An Italian court has granted The Italian Sea Group creditor protection on a temporary basis, as per its request. The same protection extends to the Group’s parent company and Celi, its interior-fabrications company.
According to a press release from The Italian Sea Group, the Court of Florence approved the measures on April 20. They are retroactive to the date of filing, March 16, for a maximum of four months.
The court ruling bars creditors from taking a variety of actions. They cannot receive priority to acquire shares in or the entirety of the Group without the parent company’s permission, for example. They also cannot initiate and/or enforce asset seizures or account freezes. This same protection extends to superyachts currently in The Italian Sea Group’s yards. (The Italian Sea Group builds yachts under the brands Admiral, Tecnomar, Perini Navi, and Picchiotti. It further owns NCA, a refit and repair company.) Forcing the Group into insolvency or bankruptcy liquidation is barred as well. Creditors additionally cannot refuse to honor existing contracts or change their terms in a way that would harm the Group. Finally, no one can revoke previously approved lines of credit if based only on The Italian Sea Group not meeting obligations preceding the protection enforcement date.
Notably, The Italian Sea Group creditor protection also involves owners with yachts in build.

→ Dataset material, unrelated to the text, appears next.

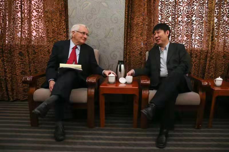 付志峰欢迎罗伯特·埃贝尔博士访问禁忌书屋 并参加由禁忌书屋 和经济科学出版社共同举办的学术研讨会。付志峰对罗伯特·埃贝尔博士主编的《牛津美国州与地方财政手册》中文版在中国出版表示热烈祝贺。付志峰向罗伯特·埃贝尔博士简要介绍了学校的办学情况,以及中国政府在推动经济社会发展和环境治理方面做出的努力和取得的成效,并就中美两国之间的贸易战以及对中美两国经济和人民生活的影响交换了意见和看法。
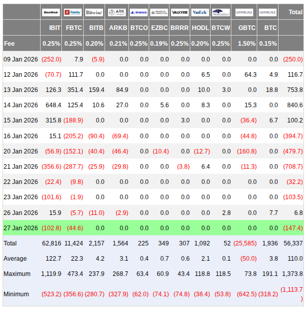 The latest data from UK-based investment company Farside Investors shows net outflows characterizing performance from Jan. 16 onward.

The court decision prevents them from canceling their contracts.
The request for creditor protection follows the company voluntarily entering a process to reorganize and restructure its creditor obligations. The Group discovered financial irregularities, publicly revealing them in March. It filed a criminal complaint shortly thereafter, claiming senior executives colluded to provide CEO Giovanni Costantino with false information regarding cash flow, order budgets, and bank statements. Budget overruns impacting most megayachts under construction were discovered in February.
Related to this, GC Holding, The Italian Sea Group’s parent company, loaned the Group €25 million (about $29 million) to stabilize finances. The auditing firm KPMG is in the midst of a forensic accounting analysis to determine responsibility for the financial irregularities and the exact amount of budget overruns. Its findings are due by early May.
Activities related to management and yacht construction reportedly remain on their regular schedules.